Gobernabilidad y democracia

Hace algún tiempo reflexionaba yo en uno de mis ensayos (“La selva y los caminos”) acerca de ese tópico al que recurrimos con frecuencia cada vez que reflexionamos sobre del carácter indisciplinado de nuestra sociedad. Tenemos conciencia de que somos un pueblo indócil que difícilmente se somete a la ley. No cabe duda, hay una tradición de ingobernabilidad que campea en nuestra historia. Y tal parece que, luego de comprobarlo, hasta nos regodeamos con la noticia. Una actitud que, entre nosotros, nada tiene de extraña. La ingobernabilidad es solo un aspecto de ese estado de desconcierto en el que nos debatimos permanentemente.

¿Qué decir de la política ecuatoriana? El debate político, tal como lo vivimos, es un trauma colectivo, una adición morbosa del ciudadano urbano; ha llegado a ser una expresión más de nuestra “cultura” del caos. Lo sufrimos día y día y nos perturba. El ejercicio de la política se ha convertido en el modus vivendi de una élite que lucra de ella, la ocupación de unos pocos, la preocupación de muchos. Una farándula de la que medran improvisados redentores del pueblo y más comedidos que los sirven. Cada gremio, cada partido, cada región luchan por su parcela de intereses. ¿Y el país, y el bien colectivo y las grandes causas de la nación a quiénes interesan?

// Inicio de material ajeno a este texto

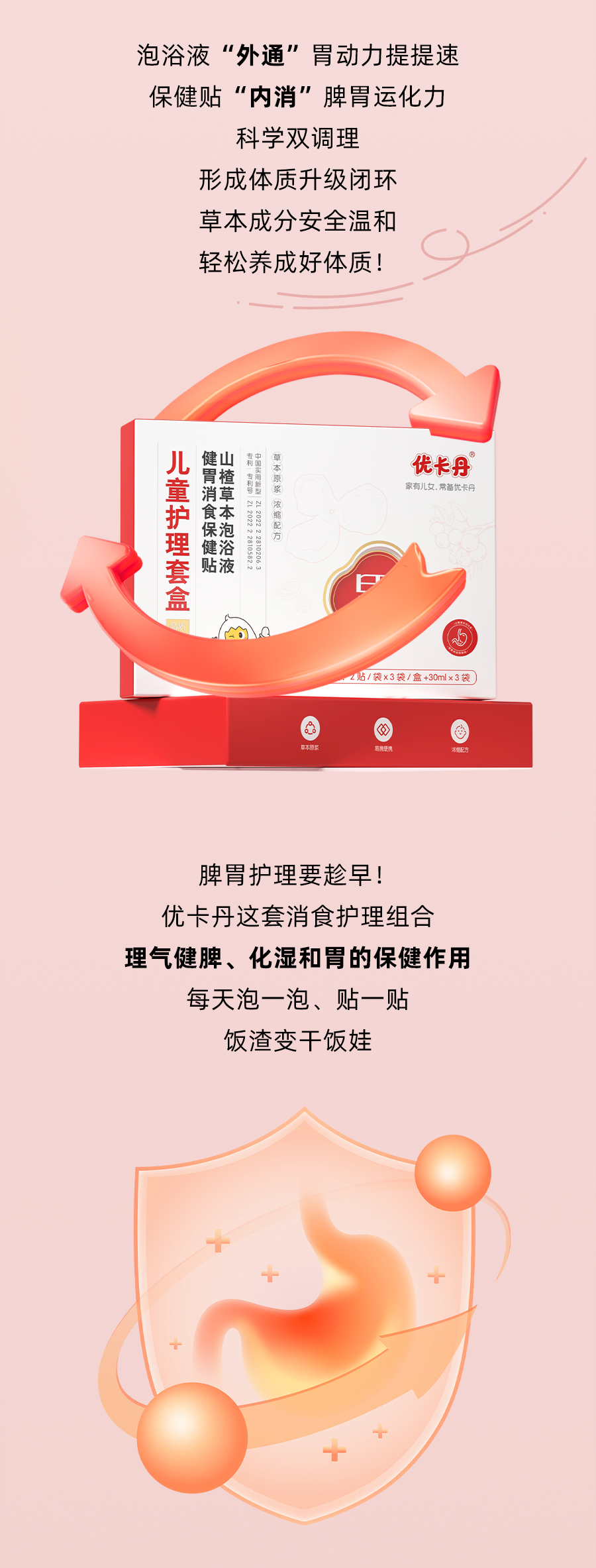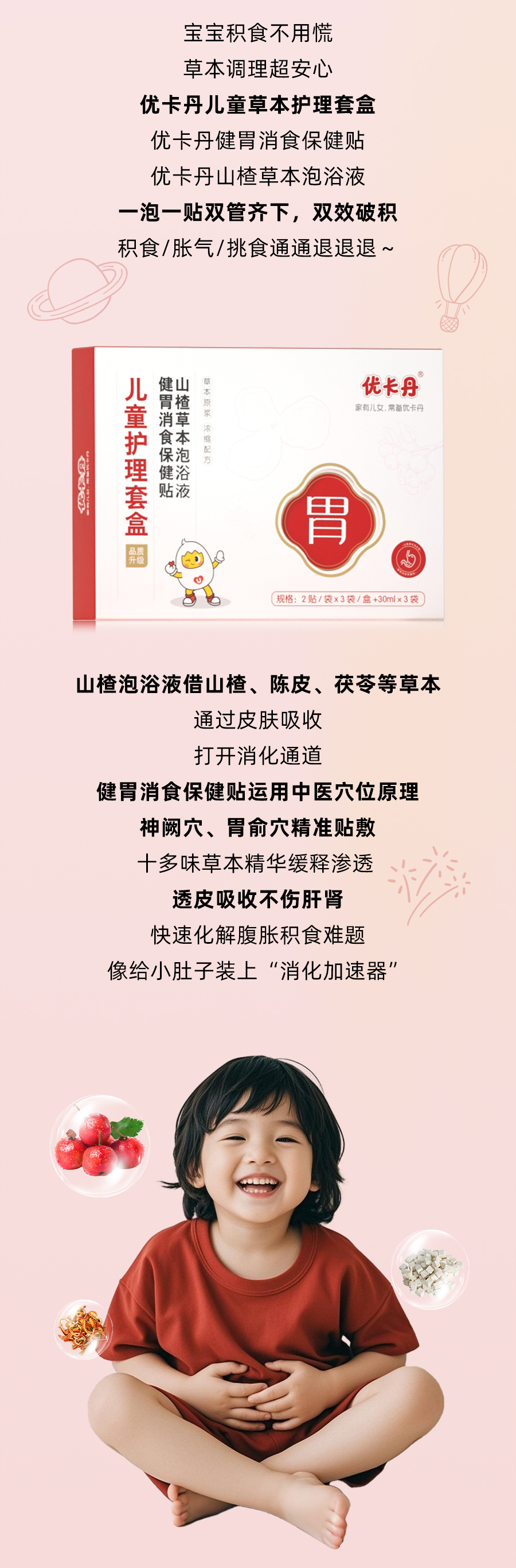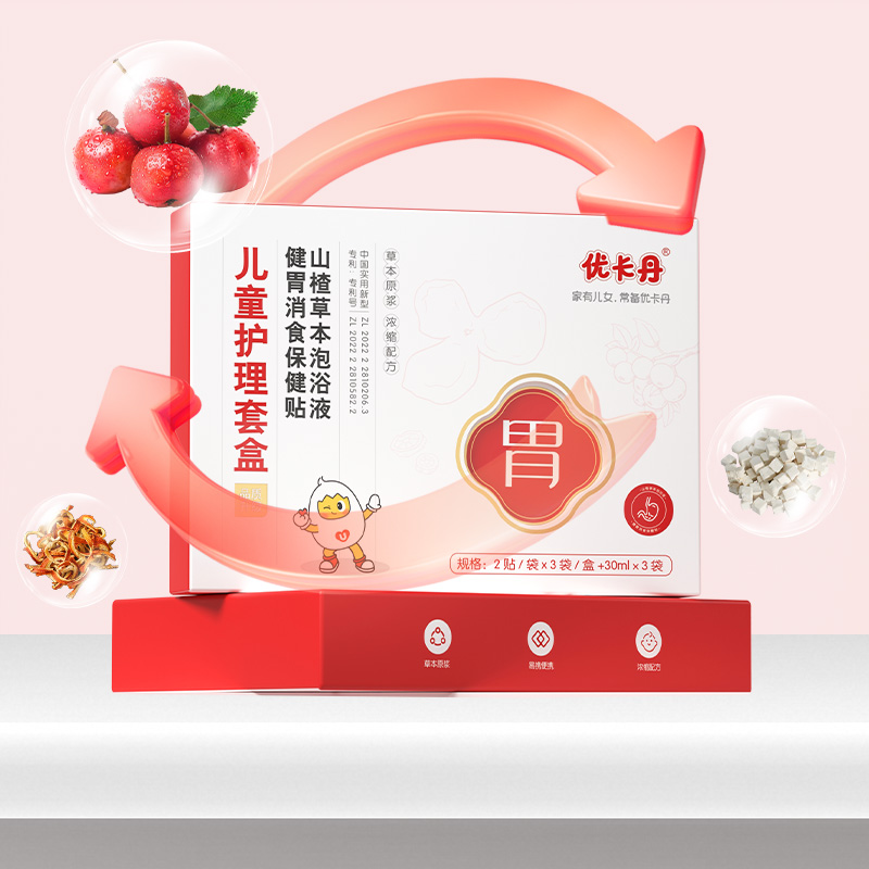 【產品名稱】優卡丹兒童草本健胃消食護理套盒(健胃消食保健貼、山楂草本泡浴液)
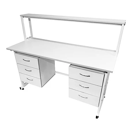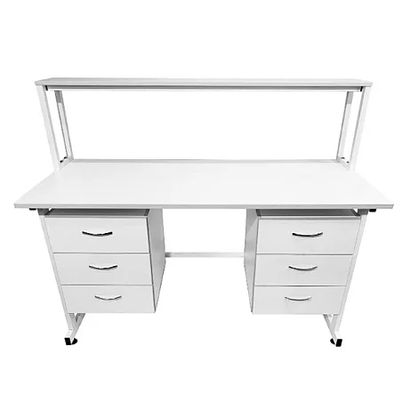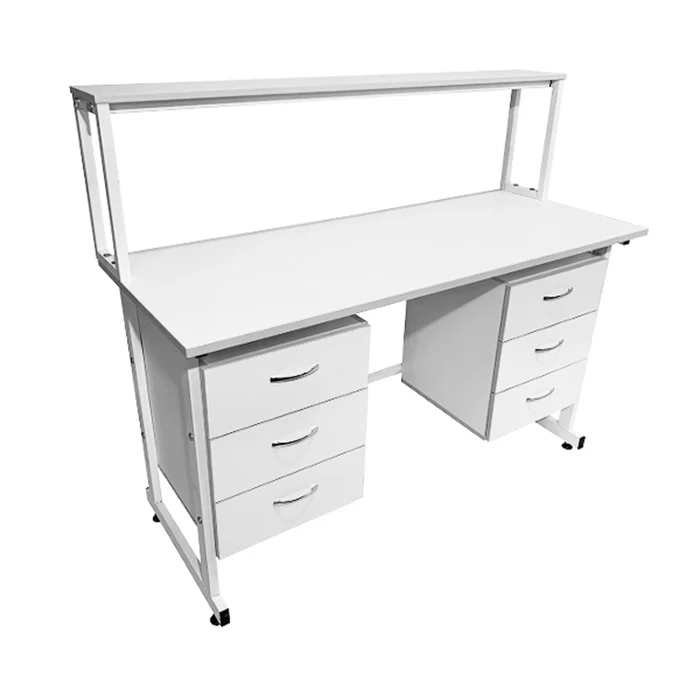 Каркас стола изготовлен из прочного стального профиля размером 25х50 мм с белым порошковым покрытием, что обеспечивает стабильность и надежность всей конструкции. Столешница из ЛДСП толщиной 22 мм имеет достаточно пространства размерами 1500х600 мм, что позволяет комфортно размещать оборудование и материалы с равномерно распределенной нагрузкой до 60 кг.

Para nosotros, eso que llaman democracia se ha convertido en la dictadura de la estadística. (La frase es de Borges). En la práctica ha sido la inclusión de unos cuántos y la exclusión de la mayoría. Estamos acostumbrados a las incongruencias, mas no a la autocracia. Un millón, dos millones de votos depositados en las urnas por el pueblo no faculta, a quien los recibe, a cometer ni una sola arbitrariedad en nombre de aquellos que lo eligieron. El siglo XXI nos ha traído una versión posmoderna de la dictadura: aquella que invoca su origen en el sufragio popular para perpetuarse en el poder y perseguir a los opositores. La Venezuela de Maduro es, en esto, el más patético de los ejemplos.

Para gobernar sociedades tan fragmentadas como la ecuatoriana no solo es necesario ganar las elecciones; es indispensable construir una democracia consensuada. El consenso abre los caminos de la gobernabilidad. Gobierno que no es permeable a las críticas, que descalifica a quienes lo reprueban cae en el autoritarismo; la democracia se convierte en una fórmula vacía de contenido. La legitimidad del gobernante es frágil si es que no tiende los puentes del diálogo con las minorías disidentes.

Regímenes que en vez de promover los consensos exacerban las contradicciones, que en vez de suscitar la armonía social siembran el odio de clases empiezan a descalificarse a sí mismos. Olvidan algo que el pueblo ecuatoriano lo ha demostrado siempre: que hasta puede tolerar la mediocridad de sus gobernantes, pero jamás el autoritarismo, el despotismo, la tiranía y, menos, la grosería.

Es una lástima que el patriotismo se lo degrade con frecuencia a la más cursi de las demagogias.